* [EXTRACTED MATERIAL]
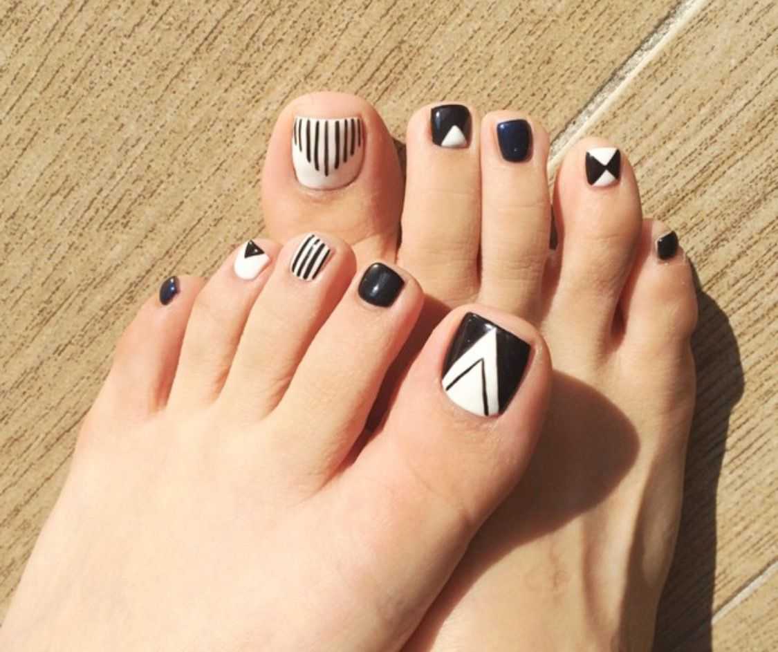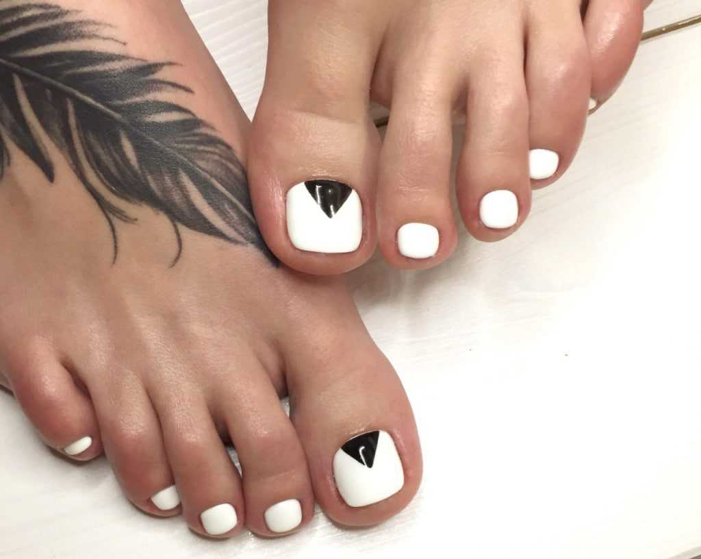 2020 год радует всех женщин своими новинками и трендами. Эти новинки не обошли и педикюр. Трендом года стал черный педикюр, в сочетании с которым используют различные цветовые оттенки. К примеру, ноготь большого пальца покрывают бежевым или красным цветом лакового покрытия, а у основания ногтя делают лунку черного цвета. Остальные ноготки покрываются черным лаком. Также модно в 2020 году делать черный педикюр, где на большом пальце сделана ограничительная линия соединений синего и черного. Синим цветом можно заполнить безымянный ноготок. Линию в основном делают белым или серебристым покрытием. Но самым оригинальным и популярным стал вариант дизайна, выполненный в стиле геометрических фигур. Данный орнамент находится на ноготке большого пальца, так как там больше места для рисунка. Из белого, черного и бежевого лака или красок рисуются треугольники, расположенные в хаотическом порядке. Остальные ногти покрываются черным цветом.
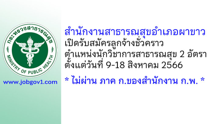 สำนักงานสาธารณสุขอำเภอผาขาว รับสมัครลูกจ้างชั่วคราว ตำแหน่งนักวิชาการสาธารณสุข 2 อัตรา ตั้งแต่วันที่ 9-18 สิงหาคม 2566
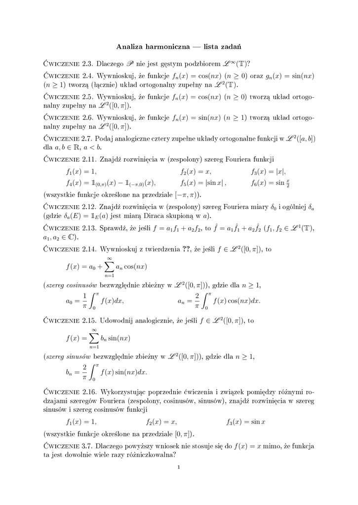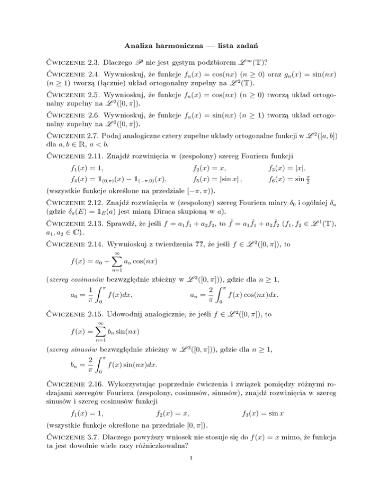 2.4. Wywnioskuj, »e funkcje fn (x) = cos(nx) (n ≥ 0) oraz gn (x) = sin(nx)
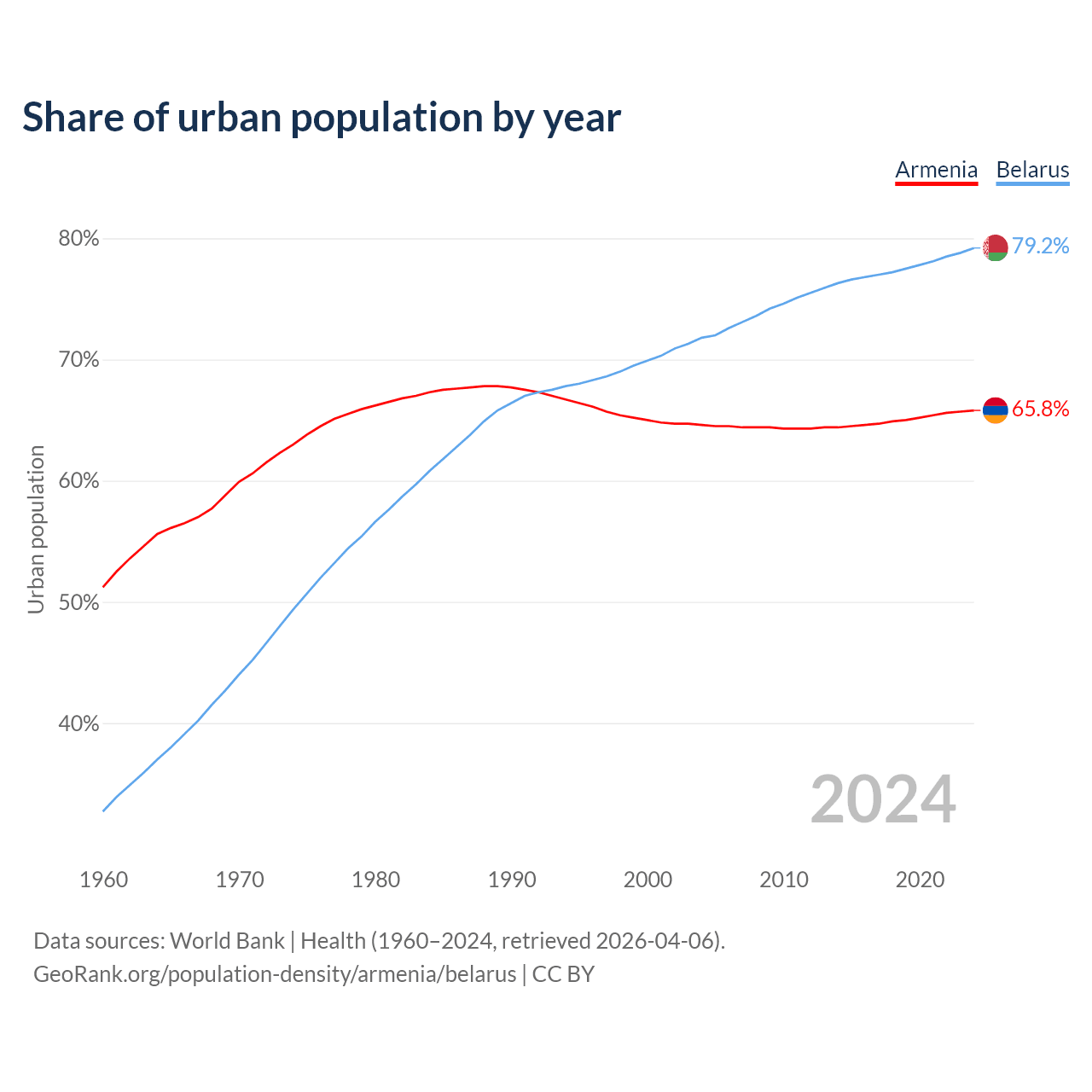 From 2004 to 2024, the share of urban population changed from 64.6% to 65.8% in Armenia and from 71.8% to 79.2% in Belarus.
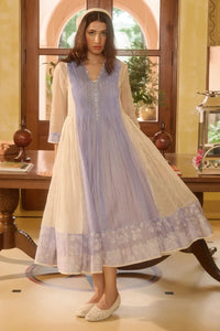 Woven striped silk organza & handwoven chanderi pintucked kurta with a slip. embellished with hand block printed and hand done beading work. Comes with a 100% cotton slip.
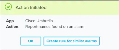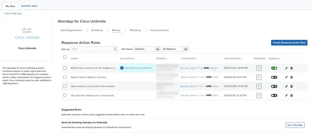 - On the Rules tab of the BlueApp page: This tab provides various tools that you can use to create and manage the orchestration rules that use the BlueApp for Cisco Umbrella actions. For easy rule creation, you can use a suggested rule as the basis for the new orchestration rule. This tab also provides a method to easily create a new rule based on your own matching criteria where the sensor and app are already selected, and displays all rules associated with the BlueApp so that you can easily enable or disable rules as needed.
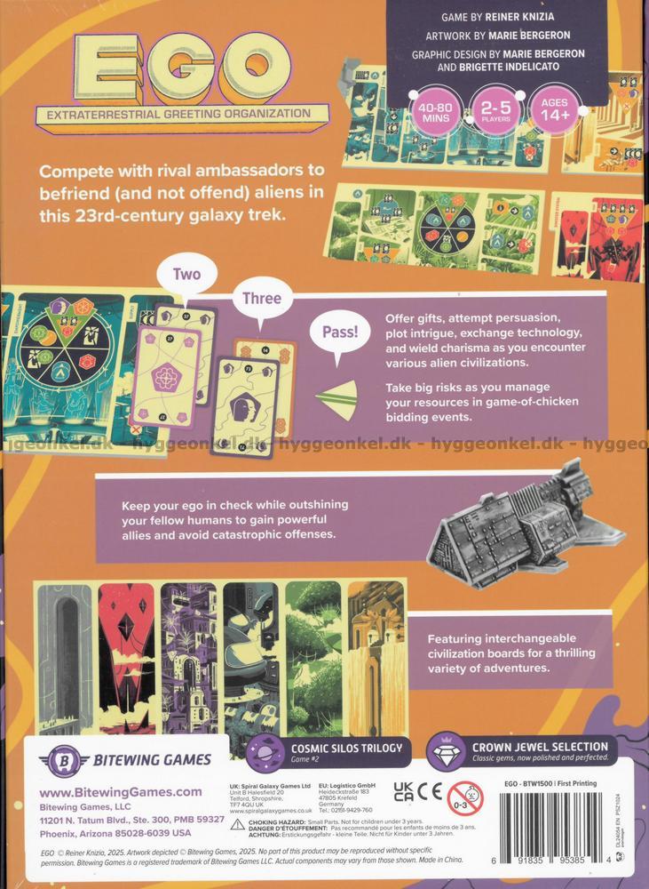 I EGO (Extraterrestrial Greeting Organization) tar spelarna rollen som ambassadörer som representerar mänskligheten i mötet med mystiska utomjordiska civilisationer. Spelet utspelar sig genom en rad stora och små händelser som auktioner, förhandlingar, risker och intriger, där spelarna ständigt måste balansera mod och strategi. Här gäller det att imponera på främmande raser, uppnå politiskt inflytande och säkra sig allierade genom att erbjuda gåvor, dela teknologi och använda både charm och list. Men oförsiktiga drag kan snabbt vända lyckan och leda till pinsamma eller katastrofala situationer. EGO handlar om att ta chanser – för endast de modiga når toppen i galaxens maktspel, där varje val kan leda till triumf eller total förlägenhet.
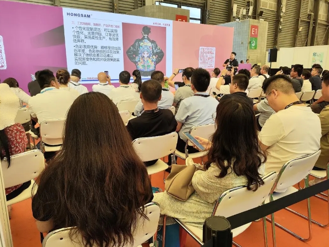 此次展會鴻盛數(shù)碼以其前沿的水性環(huán)保數(shù)碼印花工藝,成為了展會的焦點之一。尤其是在展會論壇上的精彩演講,更是讓鴻盛數(shù)碼贏得了業(yè)界的廣泛關(guān)注和贊譽。鴻盛數(shù)碼的李總,在論壇上詳細闡述了水性乳膠打印技術(shù)在皮革行業(yè)的應(yīng)用及其優(yōu)勢。演講中,他首先介紹了這項技術(shù)的基本原理和操作流程,強調(diào)了其環(huán)保、高效的特點。
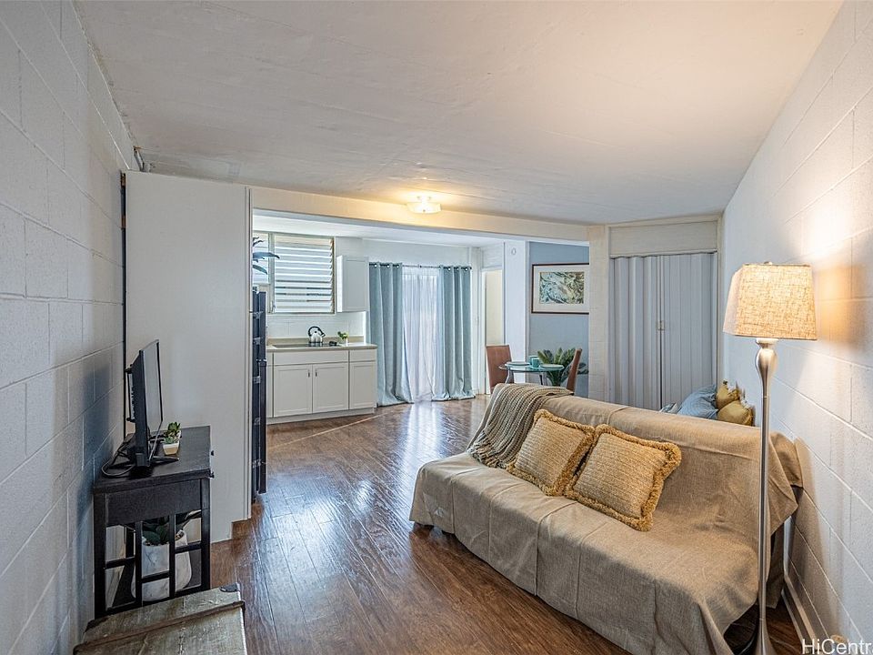 Enjoy an easy commute with this centrally located condo! Low maintenance fees, parking space, and location make this studio a perfect, budget-friendly home. This condo has an extra large lanai with a utility sink and a clothes washer, plus room for storage, and room for seating. Large bathroom features a lovely shower and bath with intricate tile work. The square footage easily allows for sofa, bed, and dining area. You will love this beautiful and airy studio!
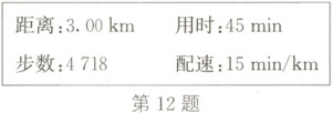 12. (2024·大同开学)小明在校园散步时看到自己运动手表的部分信息如图所示,其中由“配速”信息可判断配速数值越小小明运动得越
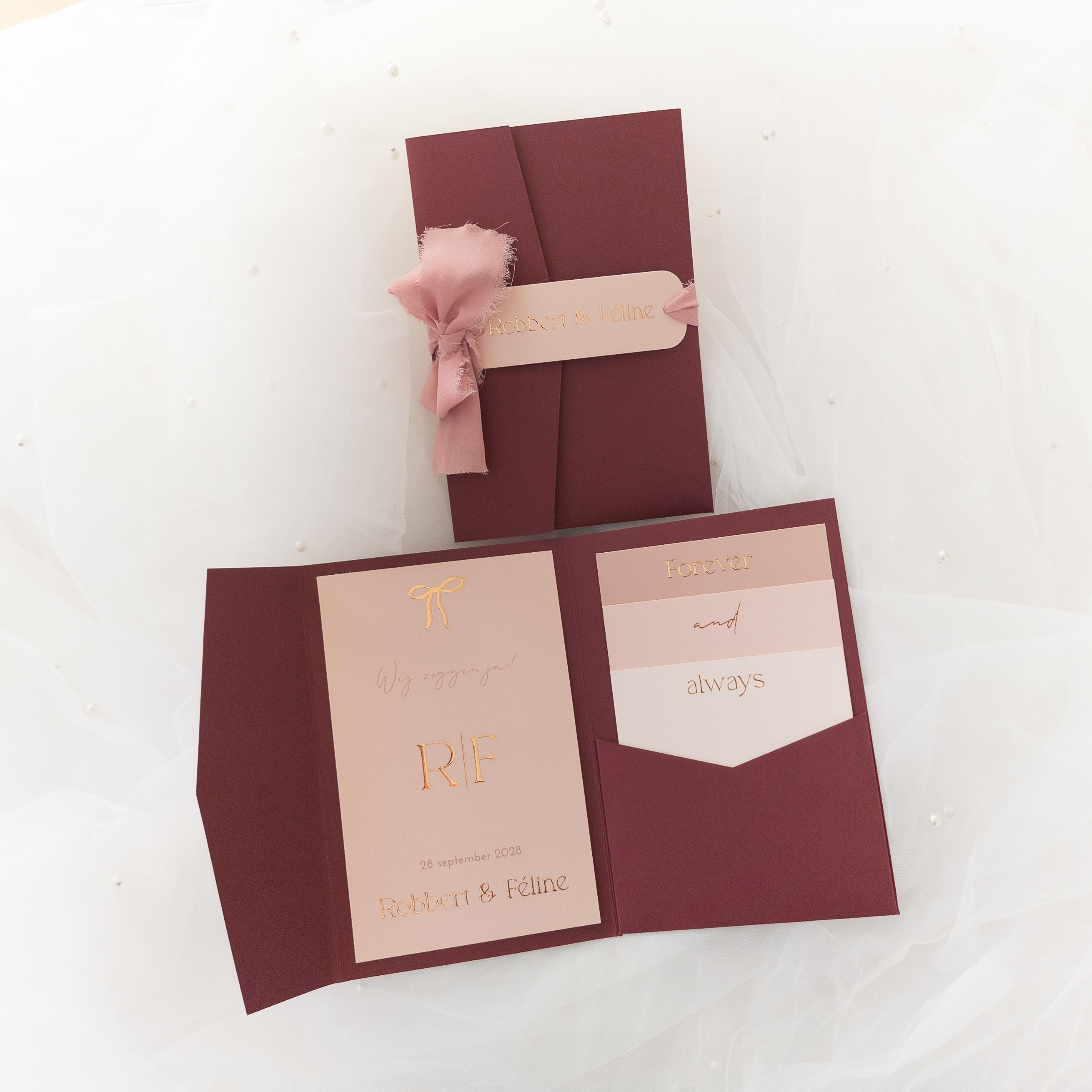 Op zoek naar de perfecte trouwkaart voor jullie grote dag? Ontdek onze prachtige Pocketfold trouwkaart set in chique blush roze tinten met schitterende roséfolie accenten. Deze set bevat 4 kaarten en een label, waardoor je voldoende ruimte hebt om alle belangrijke informatie over jullie bruiloft te delen. De mogelijkheden zijn eindeloos, aangezien je de kaartkleuren, lettertypes, foliekleur, achtergrondafbeeldingen en meer naar wens kunt aanpassen. Deze stijlvolle pocketfold trouwkaart set komt prachtig tot zijn recht in combinatie met de cloud grey pocketfold. Het mapje kun je eenvoudig sluiten met lint of touw, waar je het bijpassende label doorheen rijgt voor een extra persoonlijke touch. Vergeet niet om het pocketfold mapje en het lint apart bij te bestellen voor de complete set. Met deze unieke trouwkaart creëer je een onvergetelijke eerste indruk voor jullie speciale dag. Robbert en Feline

* [GOAL OF THE EXERCISE]
Give again the stretch of lines above from the one with "9-18 สิงหาคม 2566" through the one with "(x) = sin(nx)", both ends kept, and copy no pictures.

* [EXERCISE SOLUTION]
 สำนักงานสาธารณสุขอำเภอผาขาว รับสมัครลูกจ้างชั่วคราว ตำแหน่งนักวิชาการสาธารณสุข 2 อัตรา ตั้งแต่วันที่ 9-18 สิงหาคม 2566
 2.4. Wywnioskuj, »e funkcje fn (x) = cos(nx) (n ≥ 0) oraz gn (x) = sin(nx)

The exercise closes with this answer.